A train brought us out of Piedmont and into Liguria through hills, stone tunnels, and technicolor homes. We arrived in Genoa and embarked on a quaint historical tour. As we walked the narrow streets of Old Town, we tasted local treats including Pan Dolce, Panera, and Focaccia Genovese. At Pietro Romanego Fu Stefano, we feasted with eyes on traditional candies made in the same way since 1780. Our tour guide provided samples of what looked like jelly beans, but when placed on the tongue, the coating dissolved, and a rush of flavor exploded. We squealed like children, enjoying the surprise.

La Ricolla farm and vineyard is situated on a hill topped with a 13th century basilica. After making homemade pesto, we enjoyed a wine pairing with bites presented on local slate plates. This winemaker uses only grapes grown on the farm, and here we were, enjoying the wine at a table right next to these grapes. It was as if the juice jumped from the grape directly into our mouths, fresh and amazing. After a brief stop on the coast to dip our toes into the Mediterranean, we headed onward.

Emilia-Romagna

Parmigiano-Reggiano and balsamic are Italian ingredients produced only in this region of Italy. Donning booties and hairnets for a tour and tasting of La Grande, we learned that milk, rennet, and salt are the only ingredients in this complex-tasting cheese used to provide umami flavor in so many dishes.

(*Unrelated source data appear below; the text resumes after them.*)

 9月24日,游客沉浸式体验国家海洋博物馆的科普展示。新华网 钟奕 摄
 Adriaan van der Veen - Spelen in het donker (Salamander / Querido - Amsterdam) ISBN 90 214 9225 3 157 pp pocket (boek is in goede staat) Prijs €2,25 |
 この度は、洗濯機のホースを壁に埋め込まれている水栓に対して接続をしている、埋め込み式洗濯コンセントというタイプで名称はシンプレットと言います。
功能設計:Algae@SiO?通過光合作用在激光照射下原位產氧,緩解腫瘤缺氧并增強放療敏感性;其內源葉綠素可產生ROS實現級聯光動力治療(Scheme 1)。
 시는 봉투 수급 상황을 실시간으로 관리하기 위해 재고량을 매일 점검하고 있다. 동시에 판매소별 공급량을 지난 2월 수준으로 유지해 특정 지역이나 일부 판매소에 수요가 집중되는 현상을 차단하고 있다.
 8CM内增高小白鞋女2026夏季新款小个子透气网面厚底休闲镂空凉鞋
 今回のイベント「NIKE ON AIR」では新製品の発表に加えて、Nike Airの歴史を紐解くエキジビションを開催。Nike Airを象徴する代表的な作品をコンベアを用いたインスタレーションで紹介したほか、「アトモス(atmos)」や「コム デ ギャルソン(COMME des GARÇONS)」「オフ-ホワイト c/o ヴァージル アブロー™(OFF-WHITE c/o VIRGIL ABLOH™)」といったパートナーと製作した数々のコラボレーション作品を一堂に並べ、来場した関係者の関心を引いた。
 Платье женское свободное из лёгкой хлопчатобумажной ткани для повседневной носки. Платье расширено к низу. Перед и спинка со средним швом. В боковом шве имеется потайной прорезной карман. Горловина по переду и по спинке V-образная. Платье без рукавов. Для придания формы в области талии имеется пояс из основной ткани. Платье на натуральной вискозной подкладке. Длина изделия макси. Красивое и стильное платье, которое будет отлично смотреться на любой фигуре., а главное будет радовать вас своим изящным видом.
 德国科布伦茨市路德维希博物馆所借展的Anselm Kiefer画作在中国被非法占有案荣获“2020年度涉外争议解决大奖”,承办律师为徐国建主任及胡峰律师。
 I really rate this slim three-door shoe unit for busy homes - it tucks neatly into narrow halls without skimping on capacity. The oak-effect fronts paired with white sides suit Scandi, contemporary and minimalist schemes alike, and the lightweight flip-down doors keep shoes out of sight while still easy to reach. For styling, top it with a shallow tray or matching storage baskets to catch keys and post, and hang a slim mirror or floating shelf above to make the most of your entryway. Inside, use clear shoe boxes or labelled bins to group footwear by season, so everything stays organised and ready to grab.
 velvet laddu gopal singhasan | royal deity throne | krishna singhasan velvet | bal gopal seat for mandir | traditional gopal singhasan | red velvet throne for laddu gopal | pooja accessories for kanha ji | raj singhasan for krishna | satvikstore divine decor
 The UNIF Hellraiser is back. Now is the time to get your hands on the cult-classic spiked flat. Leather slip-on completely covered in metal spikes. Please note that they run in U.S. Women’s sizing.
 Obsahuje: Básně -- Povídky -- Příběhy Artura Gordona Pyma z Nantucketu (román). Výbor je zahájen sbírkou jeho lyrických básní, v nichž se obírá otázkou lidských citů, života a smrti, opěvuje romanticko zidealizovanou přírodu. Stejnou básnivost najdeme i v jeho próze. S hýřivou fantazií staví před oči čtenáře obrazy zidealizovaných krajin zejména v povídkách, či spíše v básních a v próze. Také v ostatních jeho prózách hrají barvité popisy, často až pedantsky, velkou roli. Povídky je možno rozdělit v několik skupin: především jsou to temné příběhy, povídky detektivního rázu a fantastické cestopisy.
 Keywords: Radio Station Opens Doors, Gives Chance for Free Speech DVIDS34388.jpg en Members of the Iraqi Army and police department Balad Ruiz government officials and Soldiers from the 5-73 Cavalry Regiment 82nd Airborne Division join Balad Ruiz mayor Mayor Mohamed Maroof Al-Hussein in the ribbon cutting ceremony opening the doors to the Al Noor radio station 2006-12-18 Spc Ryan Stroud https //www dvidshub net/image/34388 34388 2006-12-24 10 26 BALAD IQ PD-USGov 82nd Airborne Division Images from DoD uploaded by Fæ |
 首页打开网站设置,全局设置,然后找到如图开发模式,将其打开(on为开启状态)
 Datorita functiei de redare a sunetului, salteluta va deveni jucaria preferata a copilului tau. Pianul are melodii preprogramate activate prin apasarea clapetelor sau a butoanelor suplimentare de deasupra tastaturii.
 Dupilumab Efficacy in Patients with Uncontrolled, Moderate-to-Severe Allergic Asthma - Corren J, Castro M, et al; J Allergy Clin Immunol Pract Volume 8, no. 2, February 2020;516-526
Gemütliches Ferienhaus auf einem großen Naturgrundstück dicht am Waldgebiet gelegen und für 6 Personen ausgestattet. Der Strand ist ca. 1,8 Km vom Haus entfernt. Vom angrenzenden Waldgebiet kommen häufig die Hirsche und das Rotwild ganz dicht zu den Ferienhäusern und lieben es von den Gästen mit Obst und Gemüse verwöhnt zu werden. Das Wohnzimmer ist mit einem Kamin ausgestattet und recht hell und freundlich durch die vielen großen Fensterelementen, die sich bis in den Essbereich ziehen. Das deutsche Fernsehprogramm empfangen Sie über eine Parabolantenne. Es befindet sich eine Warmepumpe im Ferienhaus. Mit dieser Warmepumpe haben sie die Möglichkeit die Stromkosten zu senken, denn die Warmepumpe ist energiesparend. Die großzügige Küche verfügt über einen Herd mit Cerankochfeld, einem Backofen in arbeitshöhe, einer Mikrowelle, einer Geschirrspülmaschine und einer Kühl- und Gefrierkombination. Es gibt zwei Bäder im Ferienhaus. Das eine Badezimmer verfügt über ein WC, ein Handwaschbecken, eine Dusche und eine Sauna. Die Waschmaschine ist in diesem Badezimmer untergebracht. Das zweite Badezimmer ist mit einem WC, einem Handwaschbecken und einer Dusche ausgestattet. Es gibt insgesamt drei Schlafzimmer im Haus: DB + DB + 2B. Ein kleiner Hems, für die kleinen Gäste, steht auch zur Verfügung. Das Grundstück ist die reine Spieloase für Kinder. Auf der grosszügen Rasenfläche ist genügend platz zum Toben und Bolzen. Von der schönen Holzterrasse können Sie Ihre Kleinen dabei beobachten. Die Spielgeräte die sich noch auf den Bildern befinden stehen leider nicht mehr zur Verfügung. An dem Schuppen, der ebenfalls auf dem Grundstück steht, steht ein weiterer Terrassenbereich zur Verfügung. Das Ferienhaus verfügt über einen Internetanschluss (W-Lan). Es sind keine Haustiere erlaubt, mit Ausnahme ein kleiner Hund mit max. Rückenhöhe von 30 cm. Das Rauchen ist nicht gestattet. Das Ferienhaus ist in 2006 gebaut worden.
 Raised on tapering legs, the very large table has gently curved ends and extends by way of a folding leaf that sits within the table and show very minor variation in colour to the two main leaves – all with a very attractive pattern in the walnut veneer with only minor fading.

 Next, Leonardi, makers of Aceto Balsamico since 1871. Lambrusco grapes are cooked at 80 degrees C and stored in a large oak barrel until ready to add to rows of small wooden barrels called batteries. Each battery, often named for a family member, comprises a minimum of 5 wooden barrels in decreasing size, used to age the vinegar and impart flavor.

Tuscany/Florence

Our first dining experience in Florence was at L’antica pizzeria da Michele. Bustling, loud, excellent service and delicious food. Worn down and tired, we visited the hotel bar for a nightcap. The bar terrace faces the Duomo, looming breathtaking large against the night sky. The next day, we happened on a tiny 

meat/cheese shop full of locals. Warmly welcomed by the proprietor, we grabbed a glass of wine, a seat in the corner, and used poor Italian to order food. Silly grin on my face, I tucked into the best charcuterie of my life.

One of the first things you learn at MCC ICA as a culinary student is the Chef’s Oath, comprising 15 rules. Rule 10 is Taste Everything, and we did. Rule 3 is Spread Love, evidenced by the ladies in the small Torino enoteca who treated us like family, presenting gratis snacks as we enjoyed our wine, an experienced Chef and teacher who bought drinks for both chef and dishwasher of a small restaurant we clearly overwhelmed, and my favorite, the nightly shared wine and conversation among our diverse group. I am so grateful be a part of this group, the community at the MCC ICA, and the human race. Tired but happy, we returned home, already planning the next adventure.